Skip any image you find and restate the rest of the data word for word.

## RECORDED DATA
☆ ☆ ☆ ☆ ☆ ☆ ☆
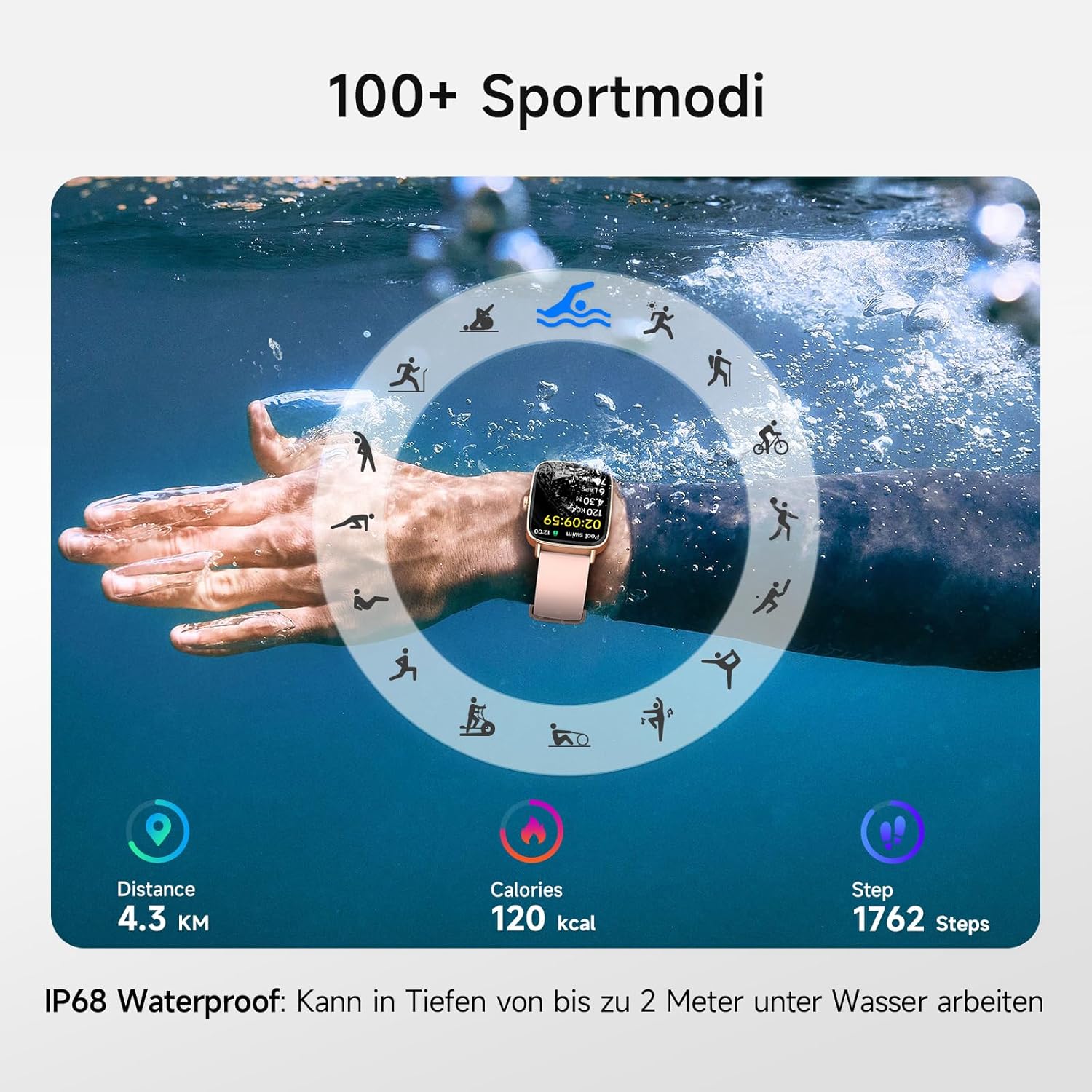• 110+ спортни режима и водоустойчивост IP68: Увеличете тренировките си с над 110 спортни режима, включително бягане, плуване, йога и други. Дамските часовници са водоустойчиви IP68 и не пречат на носенето им дори при плуване или дъжд.
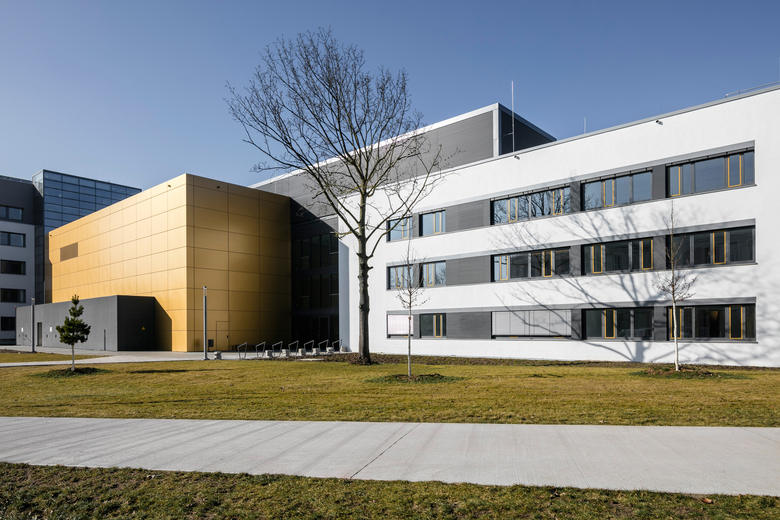 Der Bürotrakt passt sich, durch seine Farbgebung und Material, an die Bestandsbebauung an, dagegen wird der Labortrakt mit seiner goldfarbenen Metallfassade bewusst von den umgebenden Gebäuden abgesetzt.
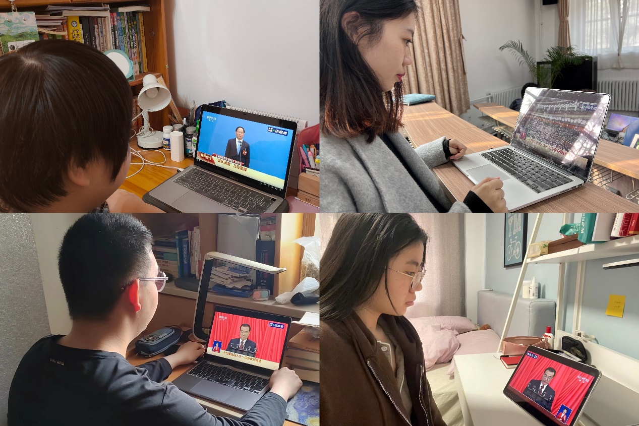 B体育平台组织师生通过多种方式收听收看两会开幕盛况、学习会议精神。师生纷纷表达了勇立潮头、奋楫争先的决心与信心。
☆ ☆ ☆ ☆ ☆ ☆ ☆
## WRITTEN RESPONSE
• 110+ спортни режима и водоустойчивост IP68: Увеличете тренировките си с над 110 спортни режима, включително бягане, плуване, йога и други. Дамските часовници са водоустойчиви IP68 и не пречат на носенето им дори при плуване или дъжд.
 Der Bürotrakt passt sich, durch seine Farbgebung und Material, an die Bestandsbebauung an, dagegen wird der Labortrakt mit seiner goldfarbenen Metallfassade bewusst von den umgebenden Gebäuden abgesetzt.
 B体育平台组织师生通过多种方式收听收看两会开幕盛况、学习会议精神。师生纷纷表达了勇立潮头、奋楫争先的决心与信心。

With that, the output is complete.